[What needs to be done] Below this line are records; transcribe exactly the lines between the one holding "Moderne et disponible" and the one holding "Beim Frühstück draussen", inclusive, and omit the pictures.

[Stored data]
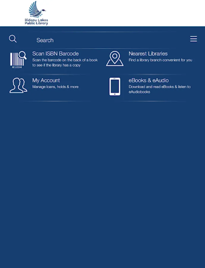 Access Rideau Lakes Public Library on the go from your Android phone or tablet. Manage your account, search the catalogue, renew and reserve books, dvds and more.
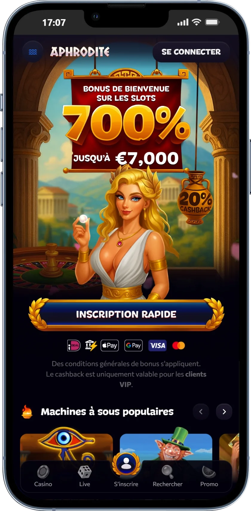 Moderne et disponible en France depuis quelques années, Aphrodite Casino est une plateforme de jeux casino dont le thème est basé sur la mythologie grecque. En effet, nous avons sur Aphrodite Casino une ludothèque de jeux de casino composée de plus de 3000 titres. Ces jeux sont conçus par des éditeurs de renom tels qu’Evolution, Betsoft, Pragmatic Play, Red Tiger, etc. Pour accompagner nos joueurs, nous avons plusieurs types de bonus dont une offre de bienvenue de 7000€ pour nos nouveaux joueurs. Ces jeux et nos fonctionnalités Aphrodite Casino en ligne sont protégés par notre licence. Cette sécurité est aussi disponible sur notre application mobile gratuite Casino Aphrodite iOS et Android.
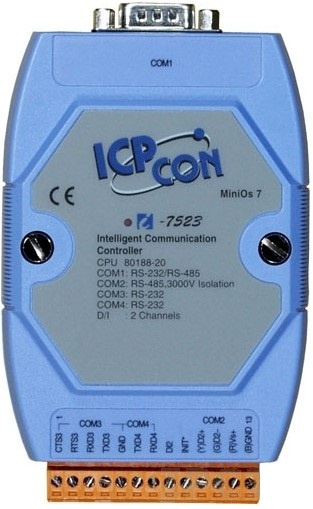 Контроллер ICP DAS I-7524 CR представляет собой встраиваемое коммуникационное устройство с расширенным набором портов, включающим один интерфейс RS-485 и четыре порта RS-232 для организации многоканальной связи в промышленных системах.
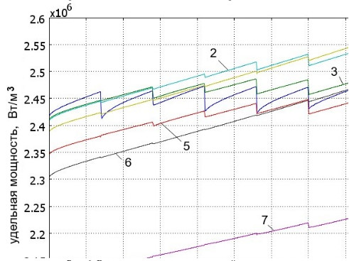 Для темпа выдачи 1400 с построены временные диаграммы удельной мощности в средней части каждой находящейся в нагревателе заготовки (рис. 6). Рассчитанные и корректируемые в процессе пуска значения токов секций обеспечивают более гладкий вид диаграммы мощности в заготовках при пуске и последующем установившемся режиме (квазиустановившемся, так как циклически изменяются температура и параметры). Форма диаграмм для каждой секции иллюстрирует изменение удельной мощности. Отличие от диаграммы температуры состоит в том, что выход на квазиустановившийся режим для каждой заготовки зависит от расстояния до выхода из индуктора. В заготовке с номером 1, находящейся на выходе, переходный процесс самый растянутый во времени. После выхода на квазиустановившийся режим колебания мощности составляют около 2 %. В то же время с момента включения до выхода на установившийся режим значения мощности в разных заготовках изменяются в пределах 7 %.
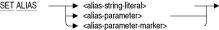 動的SQL文でパラメータ・マーカー(?)を指定します。別名のパラメータ・マーカーは、デフォルトの別名を指定するパラメータを参照します。alias-string-literal
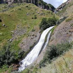 Beim Frühstück draussen fliegen Geier vorbei, sehr eindrücklich! Dann per Velo zum Wehrturm in Pansheti und zum Start Wanderung zu den Arsha Wasserfällen. Schön, steil, viele Kröten.
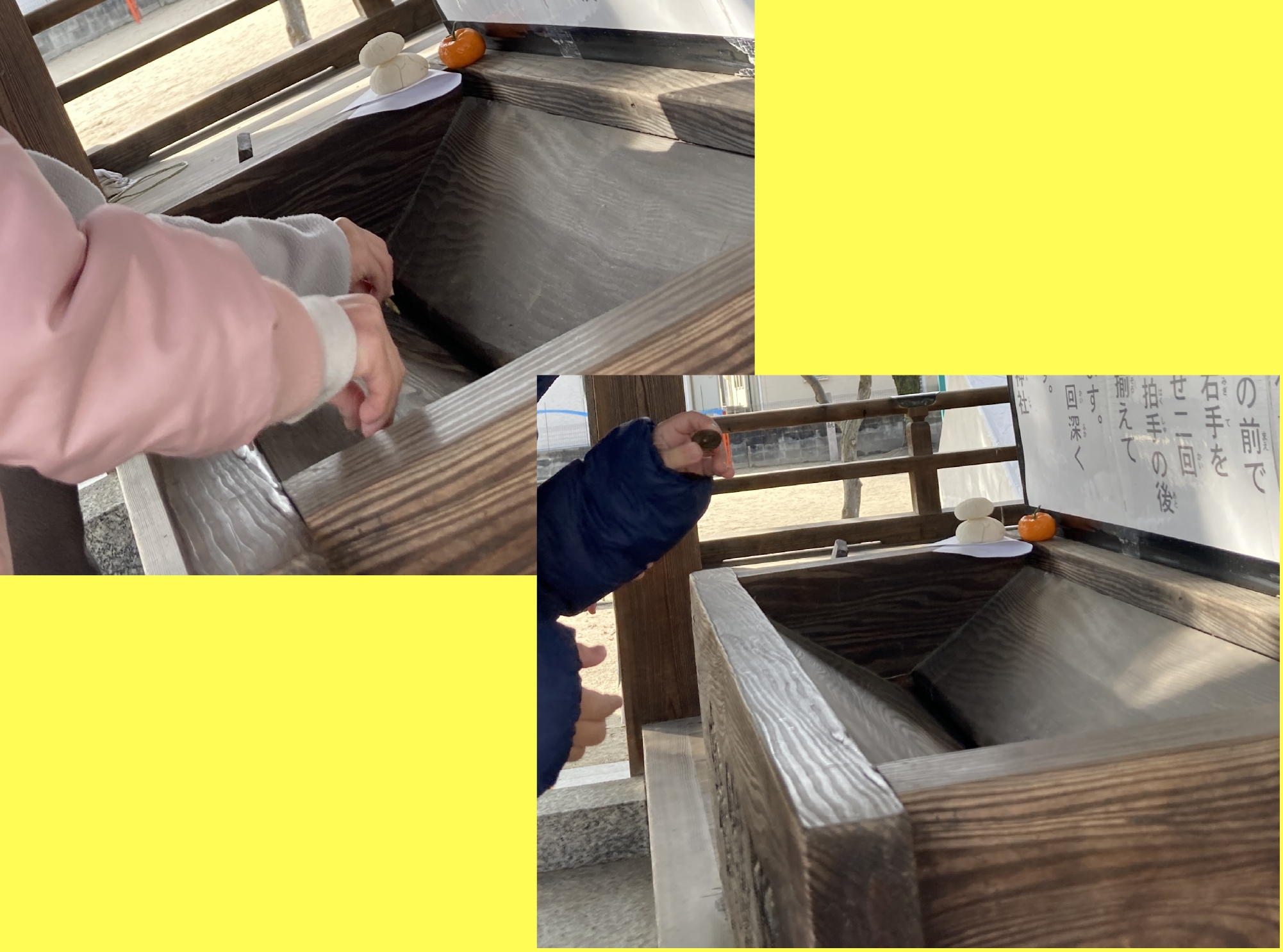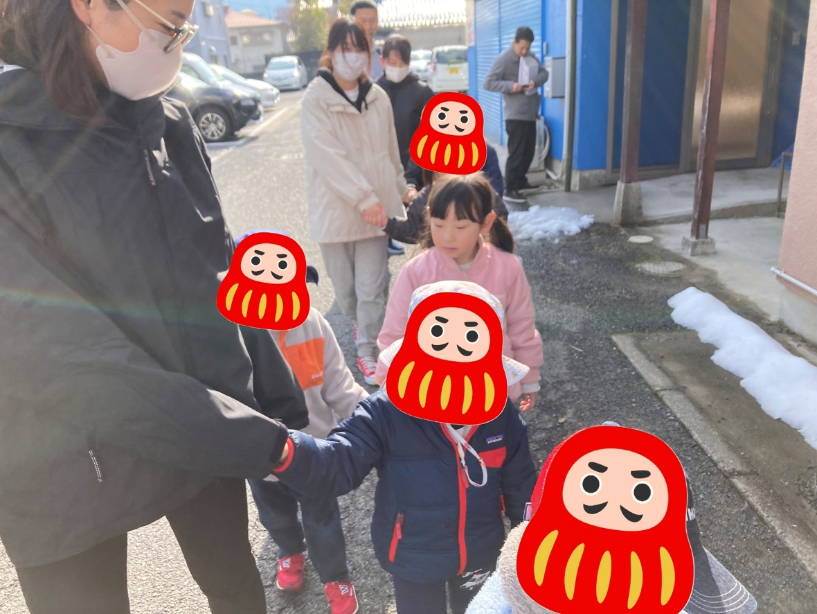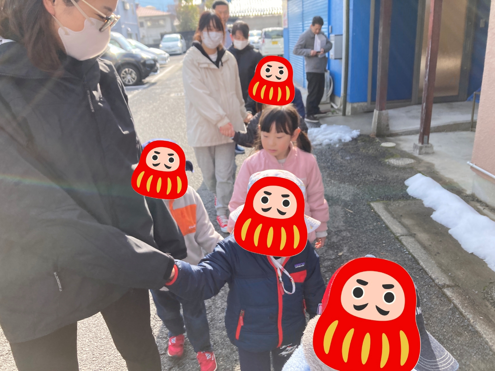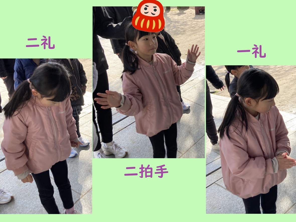 新年初めてのHiKaRi!お母さんやお父さんと一緒に「明けましておめでとうございます。」って、先生たちに新年の挨拶をしました。今日は、お友だちや先生と近くの神社まで、初詣散歩に行ってきたよ!狭い道や車の走る道も歩くから、手を繋いで交通ルールを守ったよ!車が来ないかなってしっかり確認しなくちゃね☆20分くらい歩いて、神社に到着‼初詣の参拝のやり方を教えてもらって、お友だちと交代でお参りをしたんだ。お賽銭箱に本物の5円玉を入れられて嬉しかったな!ご縁(5円)がありますようにって意味があるんだって。ニ礼・ニ拍手・一礼をして、お願い事をしました。今年も一年いい年になるといいなぁ(^^♪歩いて帰るのは少し疲れたけど、帰ってからのお弁当はとても美味しかったな!

[Exercise answer]
 Moderne et disponible en France depuis quelques années, Aphrodite Casino est une plateforme de jeux casino dont le thème est basé sur la mythologie grecque. En effet, nous avons sur Aphrodite Casino une ludothèque de jeux de casino composée de plus de 3000 titres. Ces jeux sont conçus par des éditeurs de renom tels qu’Evolution, Betsoft, Pragmatic Play, Red Tiger, etc. Pour accompagner nos joueurs, nous avons plusieurs types de bonus dont une offre de bienvenue de 7000€ pour nos nouveaux joueurs. Ces jeux et nos fonctionnalités Aphrodite Casino en ligne sont protégés par notre licence. Cette sécurité est aussi disponible sur notre application mobile gratuite Casino Aphrodite iOS et Android.
 Контроллер ICP DAS I-7524 CR представляет собой встраиваемое коммуникационное устройство с расширенным набором портов, включающим один интерфейс RS-485 и четыре порта RS-232 для организации многоканальной связи в промышленных системах.
 Для темпа выдачи 1400 с построены временные диаграммы удельной мощности в средней части каждой находящейся в нагревателе заготовки (рис. 6). Рассчитанные и корректируемые в процессе пуска значения токов секций обеспечивают более гладкий вид диаграммы мощности в заготовках при пуске и последующем установившемся режиме (квазиустановившемся, так как циклически изменяются температура и параметры). Форма диаграмм для каждой секции иллюстрирует изменение удельной мощности. Отличие от диаграммы температуры состоит в том, что выход на квазиустановившийся режим для каждой заготовки зависит от расстояния до выхода из индуктора. В заготовке с номером 1, находящейся на выходе, переходный процесс самый растянутый во времени. После выхода на квазиустановившийся режим колебания мощности составляют около 2 %. В то же время с момента включения до выхода на установившийся режим значения мощности в разных заготовках изменяются в пределах 7 %.
 動的SQL文でパラメータ・マーカー(?)を指定します。別名のパラメータ・マーカーは、デフォルトの別名を指定するパラメータを参照します。alias-string-literal
 Beim Frühstück draussen fliegen Geier vorbei, sehr eindrücklich! Dann per Velo zum Wehrturm in Pansheti und zum Start Wanderung zu den Arsha Wasserfällen. Schön, steil, viele Kröten.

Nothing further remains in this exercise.